= Visual servoing =

Robot control by visual feedback

Visual servoing, also known as vision-based robot control and abbreviated VS, is a technique which uses feedback information extracted from a vision sensor (visual feedback) to control the motion of a robot. One of the earliest papers that talks about visual servoing was from the SRI International Labs in 1979.

==Visual servoing taxonomy==

An example of visual servoing in a high-speed catching system

There are two fundamental configurations of the robot end-effector (hand) and the camera:

- Eye-in-hand, or end-point open-loop control, where the camera is attached to the moving hand and observing the relative position of the target.
- Eye-to-hand, or end-point closed-loop control, where the camera is fixed in the world and observing the target and the motion of the hand.

Visual Servoing control techniques are broadly classified into the following types:
- Image-based (IBVS)
- Position/pose-based (PBVS)
- Hybrid approach

IBVS was proposed by Weiss and Sanderson. The control law is based on the error between current and desired features on the image plane, and does not involve any estimate of the pose of the target. The features may be the coordinates of visual features, lines or moments of regions. IBVS has difficulties with motions very large rotations, which has come to be called camera retreat.

PBVS is a model-based technique (with a single camera). This is because the pose of the object of interest is estimated with respect to the camera and then a command is issued to the robot controller, which in turn controls the robot. In this case the image features are extracted as well, but are additionally used to estimate 3D information (pose of the object in Cartesian space), hence it is servoing in 3D.

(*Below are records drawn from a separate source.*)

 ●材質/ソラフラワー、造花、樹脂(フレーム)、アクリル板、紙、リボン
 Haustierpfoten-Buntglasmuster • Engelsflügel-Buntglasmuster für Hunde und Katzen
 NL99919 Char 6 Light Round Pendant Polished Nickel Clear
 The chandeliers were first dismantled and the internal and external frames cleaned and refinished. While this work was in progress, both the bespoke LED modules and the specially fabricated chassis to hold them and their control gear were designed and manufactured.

Hybrid approaches use some combination of the 2D and 3D servoing. There have been a few different approaches to hybrid servoing
- 2-1/2-D Servoing
- Motion partition-based
- Partitioned DOF Based

==Survey==

The following description of the prior work is divided into 3 parts

- Survey of existing visual servoing methods.
- Various features used and their impacts on visual servoing.
- Error and stability analysis of visual servoing schemes.

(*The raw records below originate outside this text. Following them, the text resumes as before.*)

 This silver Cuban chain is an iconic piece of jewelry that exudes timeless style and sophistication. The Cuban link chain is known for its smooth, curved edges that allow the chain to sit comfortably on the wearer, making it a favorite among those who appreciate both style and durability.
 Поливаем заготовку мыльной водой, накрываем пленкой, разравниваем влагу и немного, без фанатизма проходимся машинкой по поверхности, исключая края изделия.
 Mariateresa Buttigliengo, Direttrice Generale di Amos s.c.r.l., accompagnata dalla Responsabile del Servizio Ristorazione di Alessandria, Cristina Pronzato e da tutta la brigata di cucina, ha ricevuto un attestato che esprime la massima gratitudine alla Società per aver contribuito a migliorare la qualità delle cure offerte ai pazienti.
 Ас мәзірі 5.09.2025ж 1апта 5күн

=== Survey of existing visual servoing methods ===

Visual servo systems, also called servoing, have been around since the early 1980s
, although the term visual servo itself was only coined in 1987.
Visual Servoing is, in essence, a method for robot control where the sensor used is a camera (visual sensor).
Servoing consists primarily of two techniques,
one involves using information from the image to directly control the degrees of freedom (DOF) of the robot, thus referred to as Image Based Visual Servoing (IBVS).
While the other involves the geometric interpretation of the information extracted from the camera, such as estimating the pose of the target and parameters of the camera (assuming some basic model of the target is known). Other servoing classifications exist based on the variations in each component of a servoing system
,
e.g. the location of the camera, the two kinds are eye-in-hand and hand–eye configurations.
Based on the control loop, the two kinds are end-point-open-loop and end-point-closed-loop. Based on whether the control is applied to the joints (or DOF)
directly or as a position command to a robot controller the two types are
direct servoing and dynamic look-and-move.
Being one of the earliest works
the authors proposed a hierarchical
visual servo scheme applied to image-based servoing. The technique relies on
the assumption that a good set of features can be extracted from the object
of interest (e.g. edges, corners and centroids) and used as a partial model
along with global models of the scene and robot. The control strategy is
applied to a simulation of a two and three DOF robot arm.

Feddema et al.
introduced the idea of generating task trajectory
with respect to the feature velocity. This is to ensure that the sensors are
not rendered ineffective (stopping the feedback) for any the robot motions.
The authors assume that the objects are known a priori (e.g. CAD model)
and all the features can be extracted from the object.
The work by Espiau et al.
discusses some of the basic questions in
visual servoing. The discussions concentrate on modeling of the interaction
matrix, camera, visual features (points, lines, etc..).
In
an adaptive servoing system was proposed with a look-and-move
servoing architecture. The method used optical flow along with SSD to
provide a confidence metric and a stochastic controller with Kalman filtering
for the control scheme. The system assumes (in the examples) that the plane
of the camera and the plane of the features are parallel., discusses an approach of velocity control using the Jacobian relationship s˙ = Jv˙ . In addition the author uses Kalman filtering, assuming that
the extracted position of the target have inherent errors (sensor errors). A
model of the target velocity is developed and used as a feed-forward input
in the control loop. Also, mentions the importance of looking into kinematic
discrepancy, dynamic effects, repeatability, settling time oscillations and lag
in response.

Corke poses a set of very critical questions on visual servoing and tries
to elaborate on their implications. The paper primarily focuses the dynamics
of visual servoing. The author tries to address problems like lag and stability,
while also talking about feed-forward paths in the control loop. The paper
also, tries to seek justification for trajectory generation, methodology of axis
control and development of performance metrics.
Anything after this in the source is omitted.